**Records for the task**

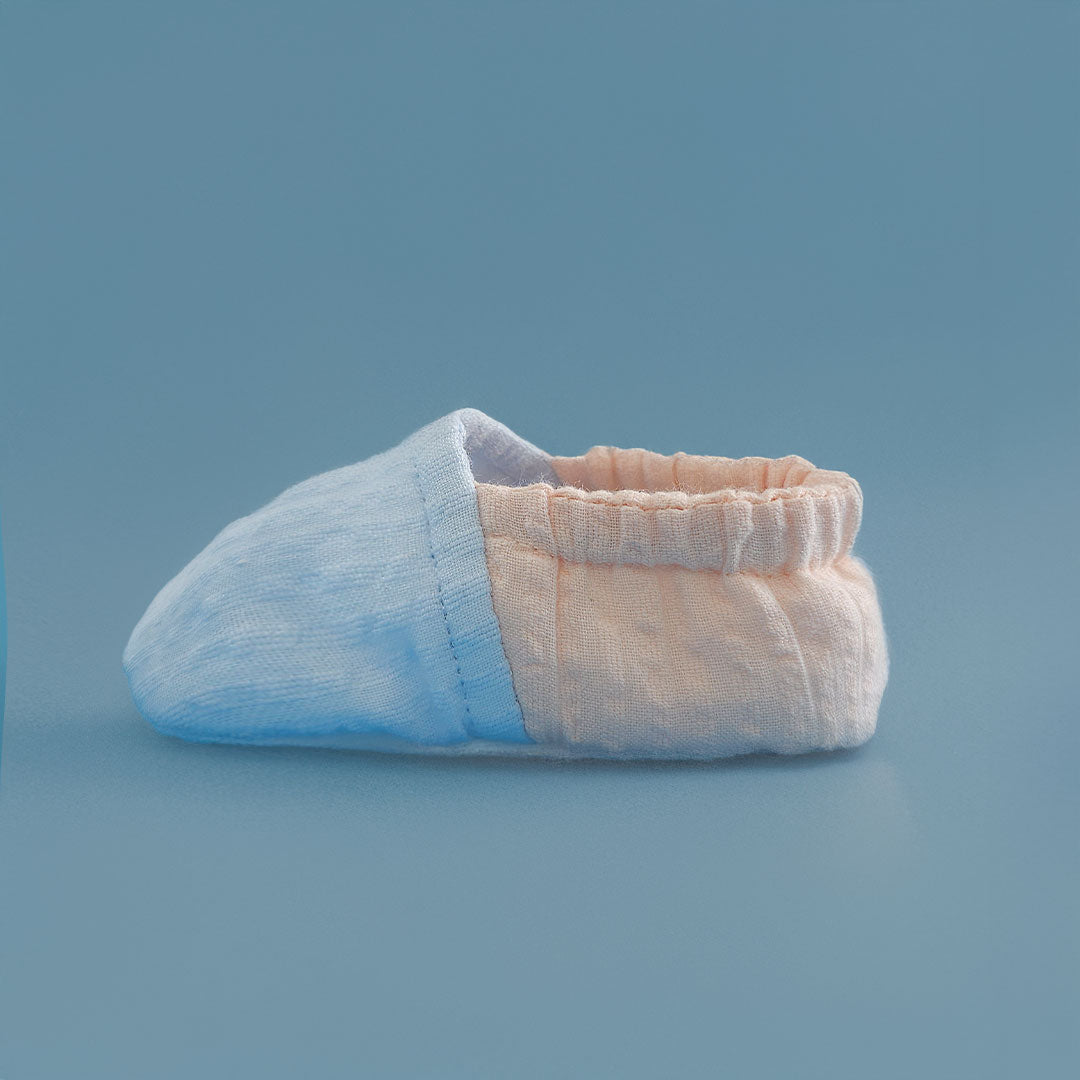 [pastel baby shoes, colorblock infant booties, organic cotton pastel shoes, seersucker baby footwear, soft newborn shoes, multicolor baby booties, breathable cotton infant shoes]
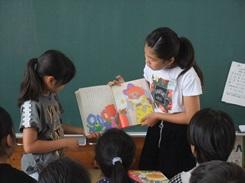 今日の朝の活動は、図書委員会による読み聞かせでした。低・中・高学年にそれぞれ2人ずつの図書委員が行き、絵本の読み聞かせをしました。二人で会話文を分けたり、ページをめくる人と読む人を交代したり、それぞれに工夫して読み聞かせを行っていました。
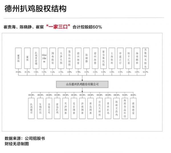 据招股书,崔贵海、陈晓静、崔宸三人持有德州扒鸡股权比例分别为25.06%、2.22%与22.22%,一家三口合计控股超60%。
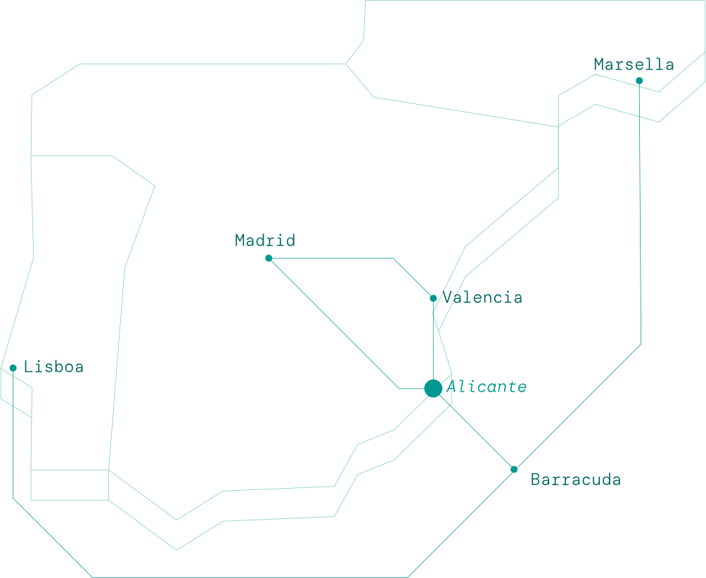 Gracias a una ubicación estratégica en la costa mediterránea de Alicante con conectividad a los principales nodos nacionales (Valencia y Madrid) a través de un diseño de backhaul redundante y con conectividad submarina a Marsella y Lisboa, los dos principales hubs europeos, permite a las empresas operadoras, entidades financieras y órganos gubernamentales nacional y europeos utilizar un enrutamiento directo, eliminar puntos críticos de fallo y evitar los puntos de congestión que en existen en la actualidad.
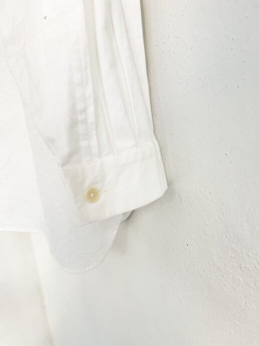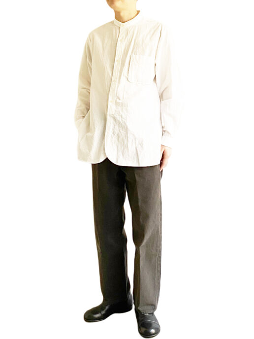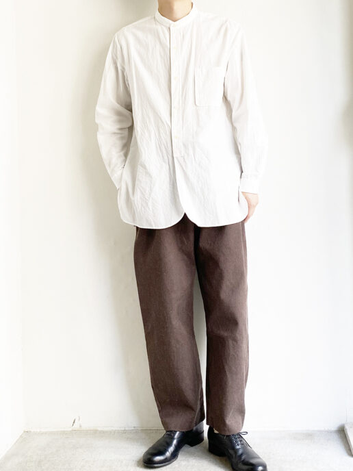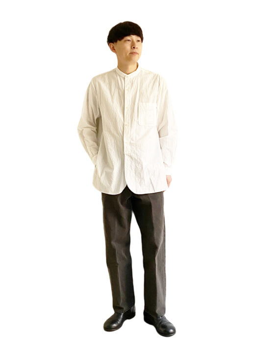 襟はスタンドカラー仕様、袖口はシングルカフスです。
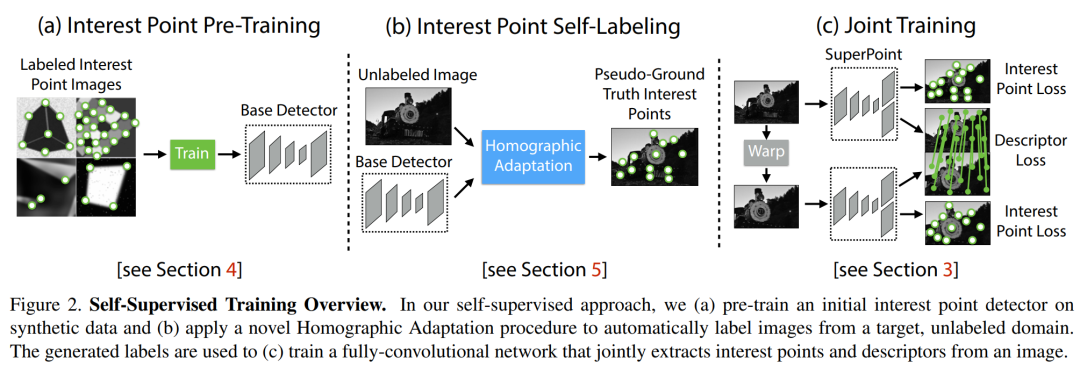 这篇文章设计了一种自监督网络框架,能够同时提取特征点的位置以及描述子。相比于patch-based方法,本文提出的算法能够在原始图像提取到像素级精度的特征点的位置及其描述子。本文提出了一种单应性适应(

**Your instructions**
Using the material above, set down every line exactly, but skip the pictures.

**Answer to the exercise**
 [pastel baby shoes, colorblock infant booties, organic cotton pastel shoes, seersucker baby footwear, soft newborn shoes, multicolor baby booties, breathable cotton infant shoes]
 今日の朝の活動は、図書委員会による読み聞かせでした。低・中・高学年にそれぞれ2人ずつの図書委員が行き、絵本の読み聞かせをしました。二人で会話文を分けたり、ページをめくる人と読む人を交代したり、それぞれに工夫して読み聞かせを行っていました。
 据招股书,崔贵海、陈晓静、崔宸三人持有德州扒鸡股权比例分别为25.06%、2.22%与22.22%,一家三口合计控股超60%。
 Gracias a una ubicación estratégica en la costa mediterránea de Alicante con conectividad a los principales nodos nacionales (Valencia y Madrid) a través de un diseño de backhaul redundante y con conectividad submarina a Marsella y Lisboa, los dos principales hubs europeos, permite a las empresas operadoras, entidades financieras y órganos gubernamentales nacional y europeos utilizar un enrutamiento directo, eliminar puntos críticos de fallo y evitar los puntos de congestión que en existen en la actualidad.
 襟はスタンドカラー仕様、袖口はシングルカフスです。
 这篇文章设计了一种自监督网络框架,能够同时提取特征点的位置以及描述子。相比于patch-based方法,本文提出的算法能够在原始图像提取到像素级精度的特征点的位置及其描述子。本文提出了一种单应性适应(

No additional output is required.